### What you will do
With pictures left out, output word for word the lines from the one containing "Flattering Bodycon Silhouette: mesh" through the end of the material below.

*** Source material Section Begins ***

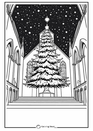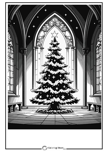 Color this magnificent Christmas tree standing in a grand, arched hall. Add your own sparkling colors to the ornaments and star.
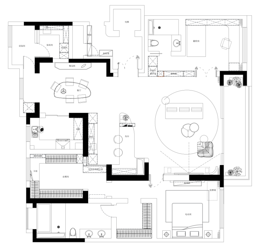 客厅背景墙重新切换位置,换至西面,弧形嵌入式的造型与空间的弧形元素相呼应,弱化了阳台突出的梁柱,又与整体协调统一。
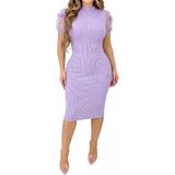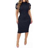 Flattering Bodycon Silhouette: mesh short sleeve, rose flower, lace sleeve, solid color, slim fit, ribbed, knitted, under the knee length, the ribbed midi bodycon dress design accentuates your figure, creating a sleek and sophisticated look that is both stylish and confident.
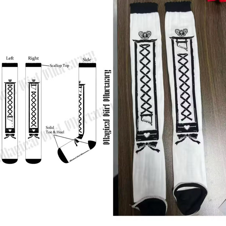Earlier this year, I created a cute ouji character with guillotine stockings for a class. I really enjoyed the design and quite a few people said they would like them as real legwear! I haven't seen guillotine motifs in lolita fashion and I thought it would be a nice little niche to fill.
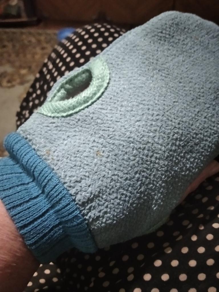 The glove is comfortable, I bought it to care for a bedridden patient. It is quite hard when wet, massages and cleanses the skin, and does its job well. I recommend buying it.
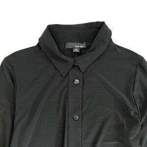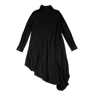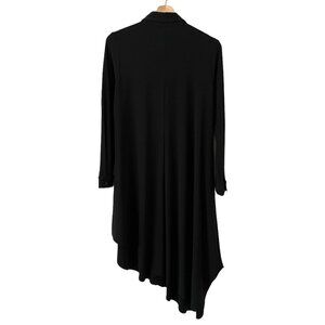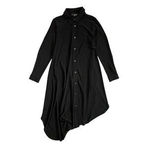 Sun Kim Womens Lagenlook Asymmetric Hem Midi Shirt Dress Black XS Collared
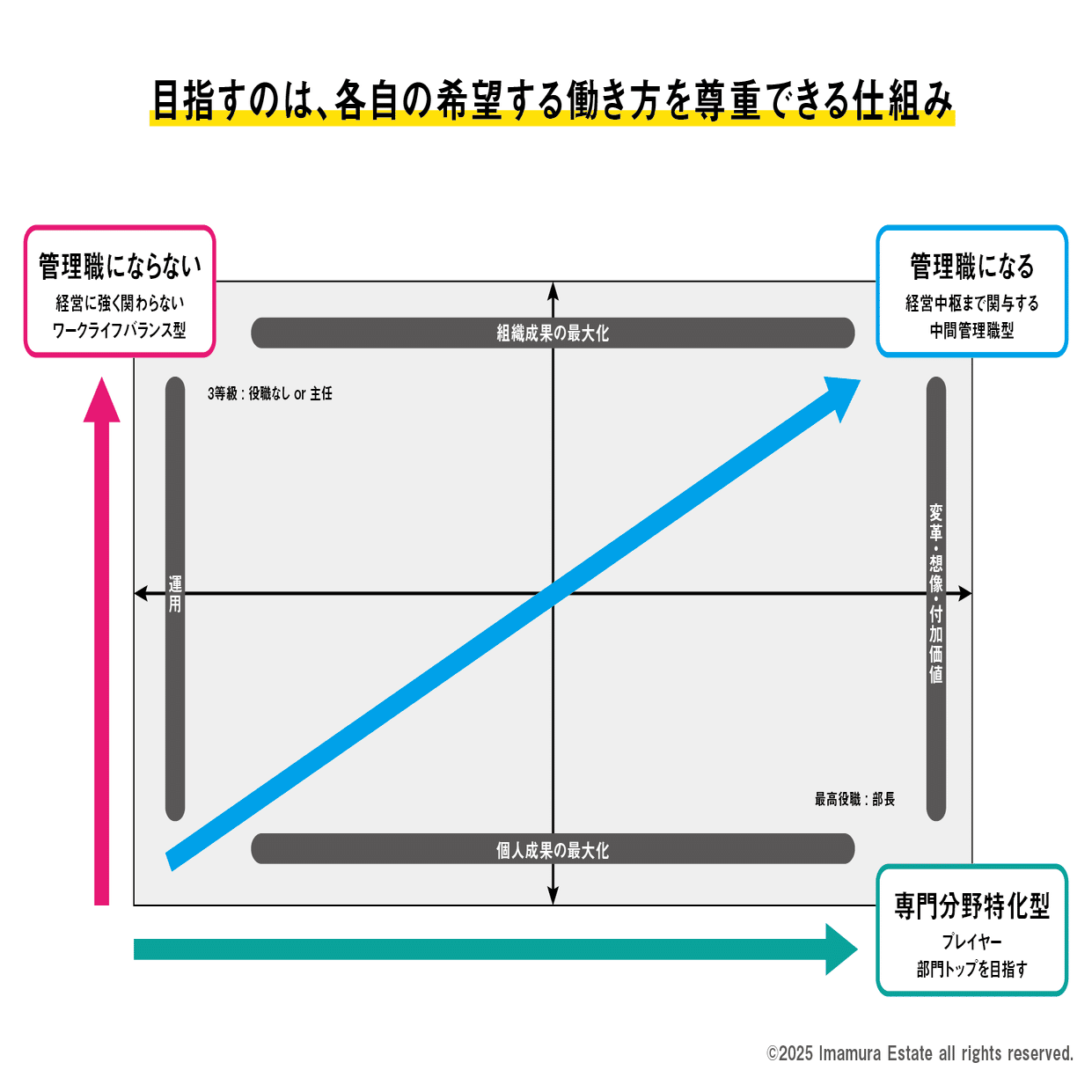 詳細は省きますが、例えばプレイヤーとして現場で力を発揮し続けたい人がいれば、無理に管理職に登用するのではなく、その希望に沿った形でキャリアを描けるように職務を割り振るといった形です。

*** Source material Section Ends ***

### The answer
 Flattering Bodycon Silhouette: mesh short sleeve, rose flower, lace sleeve, solid color, slim fit, ribbed, knitted, under the knee length, the ribbed midi bodycon dress design accentuates your figure, creating a sleek and sophisticated look that is both stylish and confident.
Earlier this year, I created a cute ouji character with guillotine stockings for a class. I really enjoyed the design and quite a few people said they would like them as real legwear! I haven't seen guillotine motifs in lolita fashion and I thought it would be a nice little niche to fill.
 The glove is comfortable, I bought it to care for a bedridden patient. It is quite hard when wet, massages and cleanses the skin, and does its job well. I recommend buying it.
 Sun Kim Womens Lagenlook Asymmetric Hem Midi Shirt Dress Black XS Collared
 詳細は省きますが、例えばプレイヤーとして現場で力を発揮し続けたい人がいれば、無理に管理職に登用するのではなく、その希望に沿った形でキャリアを描けるように職務を割り振るといった形です。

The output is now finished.